Gov. Andrew Cuomo has done a lot of positive and far-sighted things his first year in office. Eliminating the safety provision that drivers take eye tests to renew their licenses was not one of them.
That the administration swiftly reversed course in the face of incredulous indignation from DMV offices across the state was to its credit, however messy.
This story, like a belch in a windstorm, was out and over before most people got a sniff. The new policy was contained in a widely ignored DMV press release on Sept. 26. A few days later, orders and documents were issued from Albany to all local departments of motor-vehicle offices that drivers would no longer have to submit to eye tests — eye charts are posted behind every clerk’s window — in order to renew their licenses.
Cries of “WTF?” were heard in county clerk’s office from Montauk to Lake Erie. “A lot of people were scared, appalled,” said Ulster Deputy Clerk Alice Lawlis. “This is a public-safety issue of the first order.”
But not everybody felt ill-served. “Some little old people didn’t want to take the test, anyway,” Lawlis reported.

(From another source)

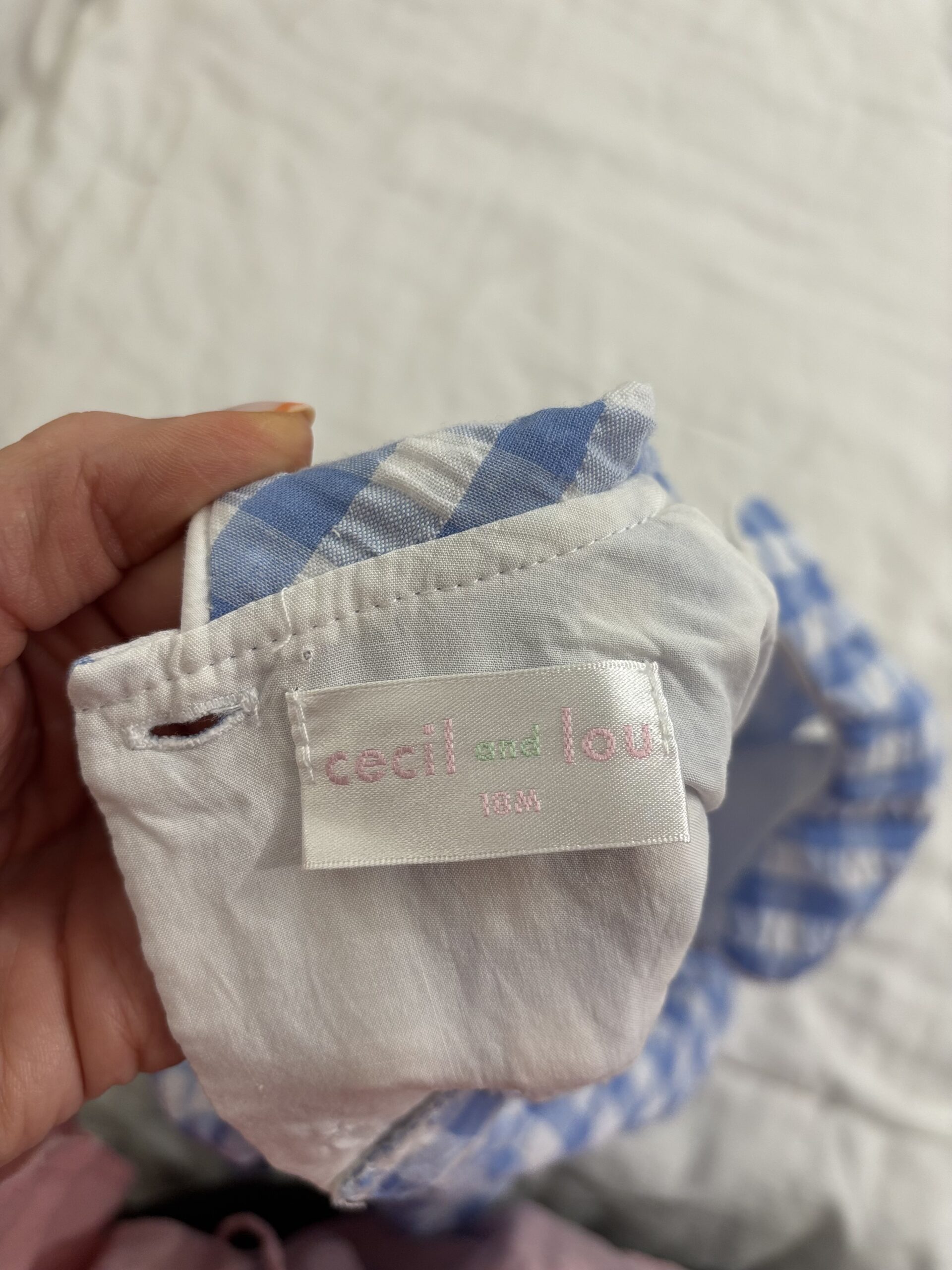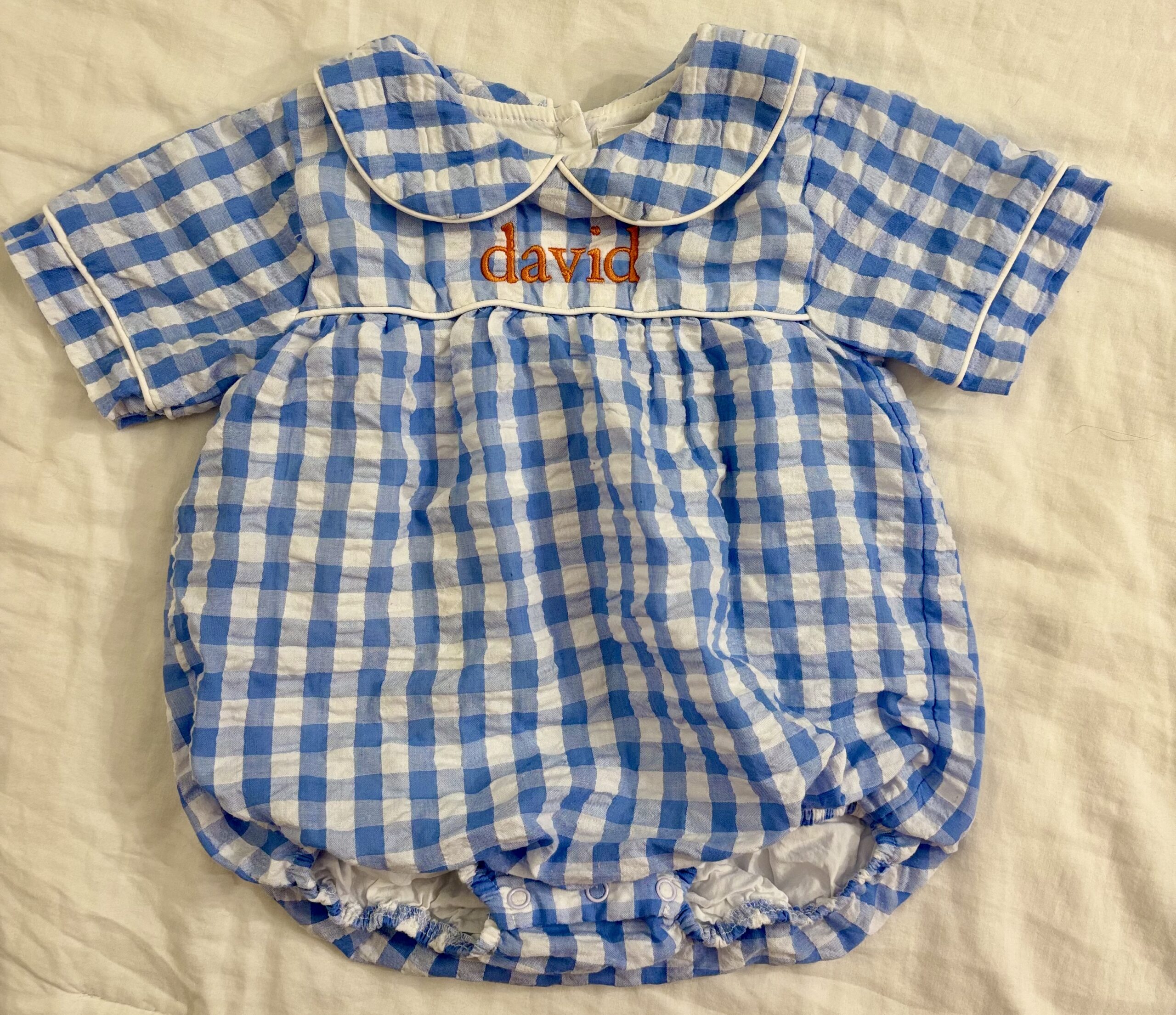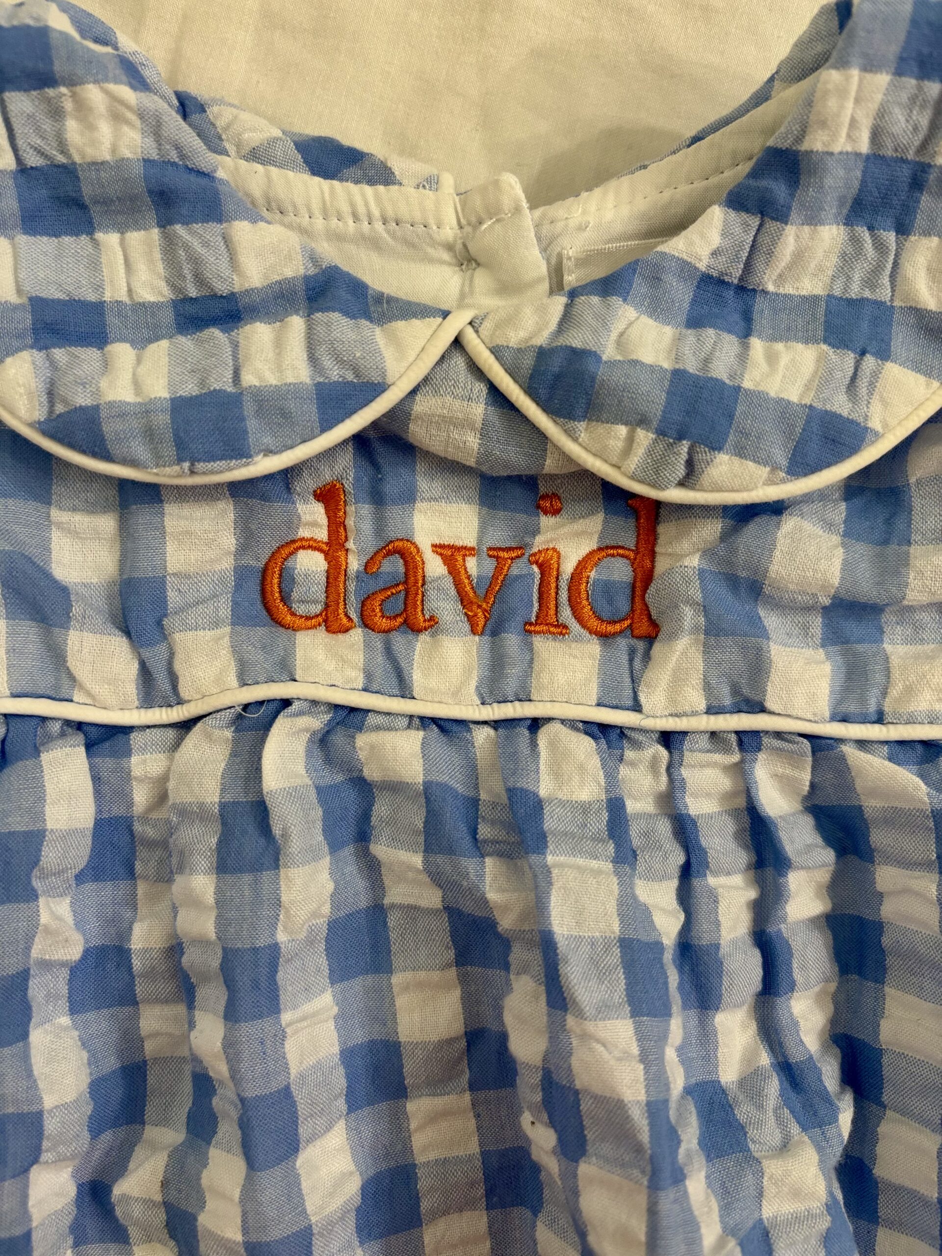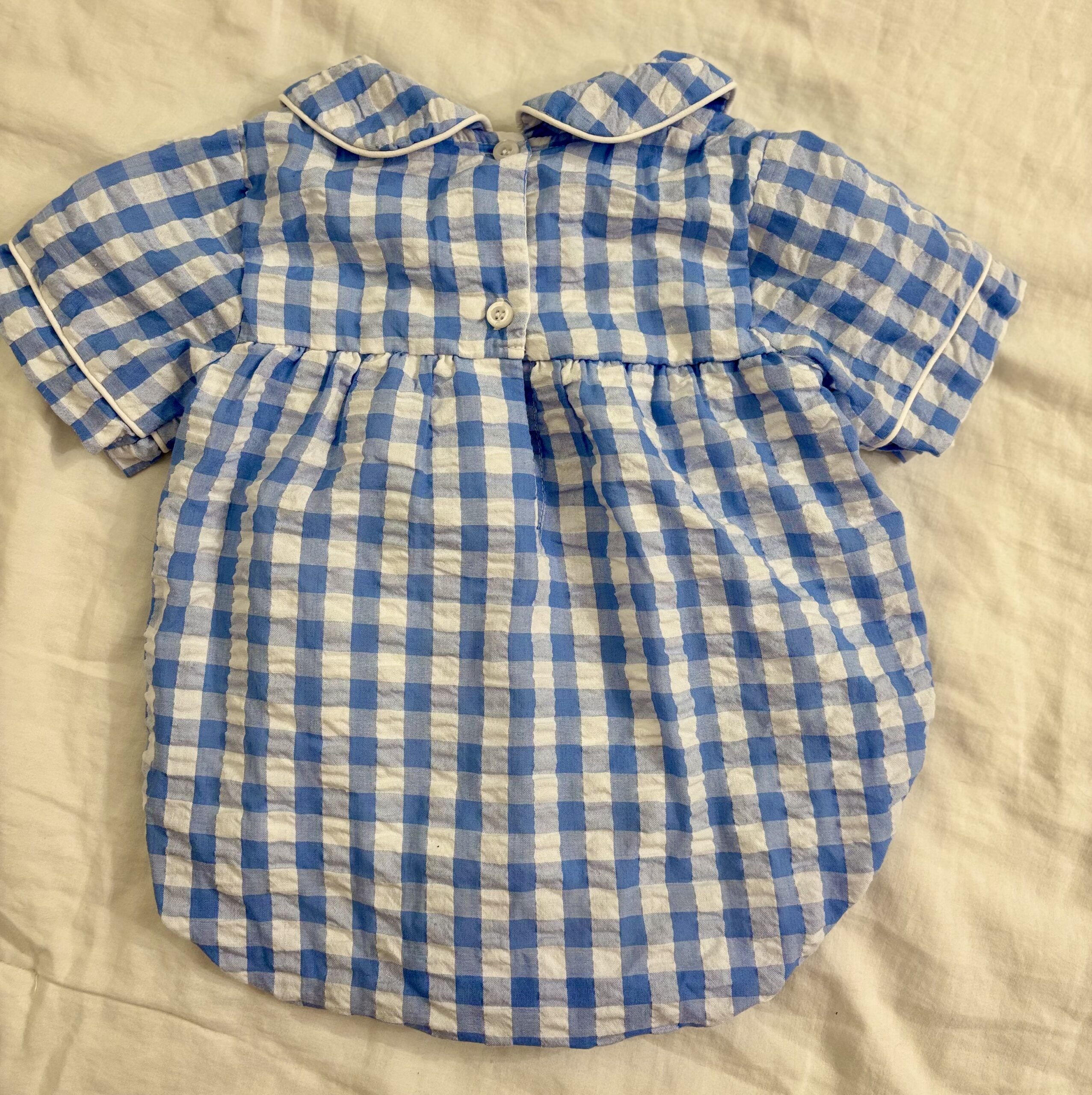 Gingham blue smocked “David” romper. Size: 18 months. Condition: like new. Brand: Cecil and Lou

The forms issued by state DMV allowed motorists to “self-certify” that their vision was at least 20-40, the minimum for licenses without corrective lenses. “And how does anyone know what their vision is?” Lawlis asked.
Lawlis and her boss, County Clerk Nina Postupack, were convinced that what some considered the “Magoo mandate” was yet another revenue-grabber by the state to extract money from local government. Counties keep 12.5 percent of fees paid by those who renew in person. Do it by mail, with self-certification, and the cash-strapped state keeps it all.
On Monday, Oct. 3, state Sen. John Bonacic, appearing on a local radio show, called the new policy “bad, bad law, a serious threat to public safety.” Bonacic, after informing listeners the Cuomo administration, not the legislature, had promulgated the new regulation, vowed repeal “will be at the top of our [legislative] agenda in January.”
He won’t have to worry. On Sept. 30, state DMV Commissioner Barbara Fiala had issued a press release rescinding the order and announcing the appointment of a study group “to ensure that New York’s drivers possess the vision acuity necessary for safe driving.”
Out in the boonies, we call that putting the cart before the horse, or to use another country metaphor, closing the barn door after the horse has escaped. Hopefully, the state will contact those few drivers who were allowed to renew without eye tests and require them to read the fourth line from the top.